The BJP had 14 per cent of the vote share and 26 seats in the Assembly. But this year, the Congress’s vote share fell to 18 per cent and the BJP’s rose to 27.8 per cent. The MNS fell from 5.7 per cent in 2009 to just about 3 per cent while other regional parties gained.

The Shiv Sena rose from 16.26 per cent and 44 seats to 19.3 per cent vote share and 63 seats. The NCP, in fact, increased its vote share from 16.37 per cent to 17.2 per cent. However, its seats fell from 62 to 41. It is more or less a repeat of the Lok Sabha elections where there seemed to have been a role reversal between the BJP and the Congress — from 28.55 per cent in 2009, the Congress fell to 19.31 per cent in 2014 while the BJP rose from 18.8 per cent in 2009 to 31 per cent in 2014. And barring the Bahujan Samaj Party, no other regional party lost substantially in terms of vote share.

Caste rules

What this means is that despite Modi’s rise as a national icon and decades of spadework by the RSS, caste politics in India is yet to be subsumed in a larger Hindu identity. The BJP’s election strategy in all recent polls also reveals a deep understanding and influence of caste stratification and its influence on voting patterns.

And the NDA remains a coalition of as many as 28 different political parties despite the BJP having a majority on its own in the Lok Sabha.

Unsurprisingly, Amit Shah is dismissive of questions about whether the BJP is ready to shun alliances, be it the Akalis in Punjab, the Telugu Desam Party in Andhra Pradesh and Telangana, even a group that goes by the name of Revolutionary Socialist Party (Bolshevik) in Kerala and, of course, the Shiv Sena, with which ties are expected to be resumed in the coming days.

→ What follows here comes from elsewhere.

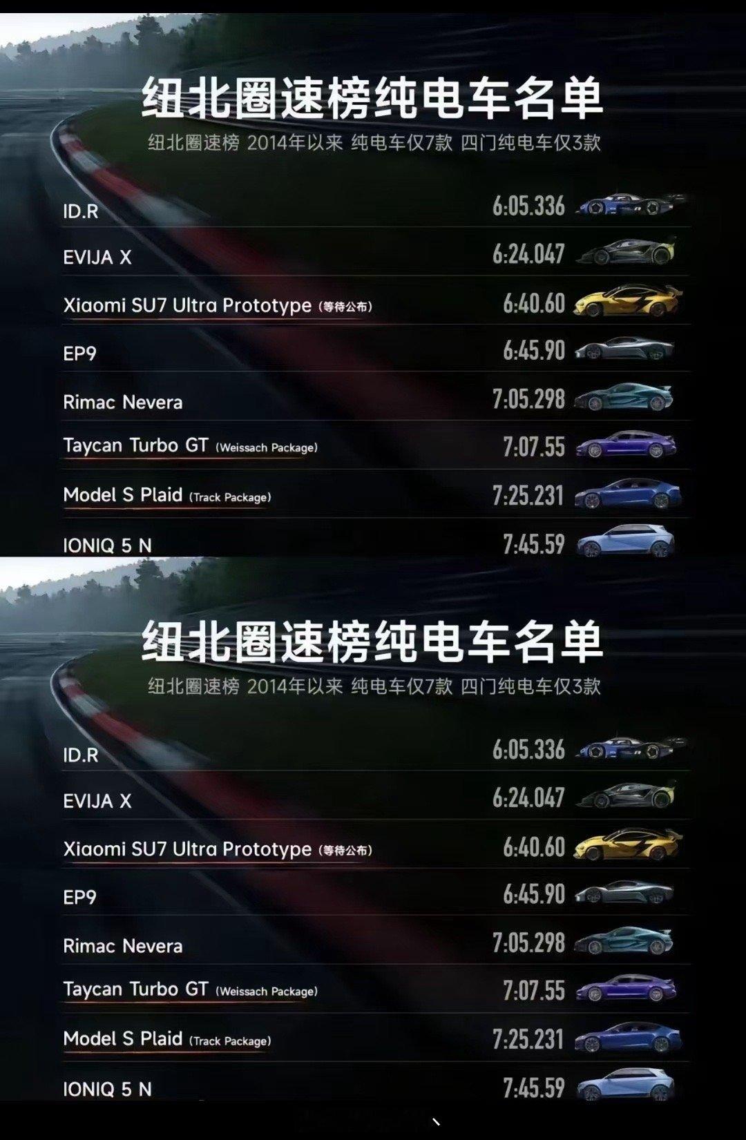 6分46秒874,刷新纽博格林北环赛道 四门车圈速纪录,成为纽北史上最速四门车!!我米牛逼。(图2圈速榜,su7纠正为6分46秒)

The BJP’s star is on the ascendant and it will doubtless convert the momentum of its recent victories into inroads in unchartered territories such as Tamil Nadu, Kerala and even West Bengal.

But it will do so by a clever amalgamation of the “national” and the “regional”. In short, nothing really has changed in the way politics is practiced in India, except that the Congress has been replaced by the Modi-led BJP.